Dava konusu işlemlerin riskli işlemler olduğu, sözleşmelerde ve risk bildirim formunda ayrıntılı olarak belirtildiği, davacının daha önce de bu işlemleri yapmış olduğundan bu durumu bildiği, dolayısıyla davacının bilgisiz olduğu, davacıya mevzuat ve sözleşmeye uygun olarak zamanında ve usulüne uygun olarak teminat tamamlama (margin cali) çağrısı yapıldığı, davacının da bu çağrıya uyarak teminatı zamanında tamamladığı ve bu nedenle işlemin ayakta kaldığı, bankanın uygulaması gereği opsiyon işlemi yapılmadan işlem tutarının % 25 ine karşılık gelen 250.000 USD yi teminat olarak bloke edildiği, başlangıç teminatı olarak alınan bu meblağın, kur değişmelerine göre margin cali ve stop loss seviyeleri hesaplandığı, işlemde zarar oluşması halinde ilave teminata ihtiyaç duyulduğundan müşteriye margin cali çağrısı yapıldığı, bunun oranının % 60 – % 80 arasında olabileceği, stop loss (zarar durdurma] oranının ise % 80 olduğu, müşterinin bu oranın üzerine çıkması halinde bankanın pozisyonu kapatabileceği, davacının 06.10.2017 tarihli opsiyon işlemine ilişkin margin cali seviyesi 09.08.2018 tarihinde % 60 larda iken kurdaki ani değişiklik sebebiyle stop loss seviyesine ulaştığı ve 10.08.2018 tarihinde % 85 olduğu, bu durumda davacının aranarak teminat tamamlama çağrısı yapıldığı, davacının 1.300.000 TL ve 240.000 USD yi başka bankadaki hesaplarından gönderdiği ve bu teminatların blokeye alındığı,
Davacı tarafından işlem kapama anı olan 05.10.2018 tarihinde kapama işlemine dair talimat alındığı, 05.10.2018 tarihli bu talimatı imzalamasının davacının işlemi kabul ettiği ve kendi talimatına uygun olduğunu gösterdiği, bu talimata düştüğü şerh de dava dilekçesinde ifade edilen iddialarla ilgili olmayıp, 32 sayılı karar ve lehe çıkacak yasalar gereği talep hakkını saklı tutmak yönünde olduğu, yani işlemi kabul etmiş olduğunu bildirerek;
Davacının asılsız ve haksız iddialar ile açılan davasının reddine,yargılama giderleri ile vekalet ücretinin davacı tarafta bırakılmasına , karar verilmesini talep etmiştir.

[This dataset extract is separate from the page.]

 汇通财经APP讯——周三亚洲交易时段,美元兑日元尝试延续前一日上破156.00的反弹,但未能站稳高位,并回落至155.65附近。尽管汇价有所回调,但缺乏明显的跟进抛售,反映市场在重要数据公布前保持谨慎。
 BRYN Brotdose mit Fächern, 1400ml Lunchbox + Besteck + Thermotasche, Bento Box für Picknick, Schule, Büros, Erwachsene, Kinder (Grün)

DELİLLERİN DEĞERLENDİRİLMESİ VE GEREKÇE
Dava, davalı bankanın hileli davranışları nedeniyle türev işlemlerin iptali ve davacının uğradığı zararın davalıdan tazmini istemine ilişkindir.
Taraflar arasındaki uyuşmazlık mahkememizce yapılan 13/02/2020 tarihli ön inceleme duruşmasın da “taraflar arasında bağıtlanan sözleşmeler gereğince gerçekleşen türev işlemlerinin iptali ve davacının bu işlemler nedeniyle davalı bankadan 2.197.000,00 TL zararının 05/10/2018 ödeme tarihinden itibaren en yüksek banka mevduat faizi ile tahsili istemi konusunda olduğu ” tespit edilmiştir.

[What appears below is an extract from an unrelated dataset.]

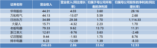 尽管厨电行业整体有所提升,但行业内部的分化现象明显,表现出强者恒强的局面。从同比增速上看,八家厨电上市企业中,仅华帝股份、老板电器和日出东方实现了营业收入的正增长。这三家企业的增长带动了整体上市厨电企业增长的势头。

Davacı vekili tarafından dava dilekçesi ekinde ; 04.07.2018 tarihli, 06.10.2017 işlem tarihli, gözlem dönemi 06.10.2017-05.10.2018 olan , Avrupa tipi, hedef fiyatı 3,9600 USD/TRY , opsiyon kullanma hakkı 3.600 USD/TRY olan opsiyon sözleşme talimat ve işlem sonuç formu,… Noterliği 11.12.2018 tarihli … yevmiye numaralı ihtarnamesi, Arabuluculuk başvuru formu ve son tutanak ,… ‘a ait uzman mütalaası , hesap ekstreleri, ses kayıtları, mailler, limit tahsis belgesi, ticari defter kayıtları içerir banka kayıtları ,Whats up, mesaj, mail, internet ve ses kayıtları içerir usb sunulmuştur.
Davalı vekili cevap dilekçesinde delillerini ; Dava konusu işlem ile ilgili her türlü banka kayıtları, (sözleşmeler, formlar, dökümanlar, hesap ekstreleri, ses kayıtları, mailler de dahil her türlü banka kaydı) ,taraflar arasında gerçekleştirilen telefon görüşmeleri, davacı tarafından imzalanan her türlü belge ve sözleşme, şeklinde bildirmiştir .
Tarafların bildirdiği deliller dosya içine alınmıştır.
Davacının dava dilekçesindeki iddialarına göre; taraflar arasındaki sözleşmeler gereğince gerçekleşen türev işlemlerinin iptalinin gerekip gerekmediği, bu işlemler nedeniyle davacının doğmuş bir zararı olup olmadığı, varsa miktarı, bu zarar için davacının faiz isteyip isteyemeceği, davalının temerrüde düsüp düşmediği, davlının savunmaları konusunda SMM …, Akademisyen Doç Dr …, sektör bilirkişisi … ‘dan bilirkişi raporu alınmıştır.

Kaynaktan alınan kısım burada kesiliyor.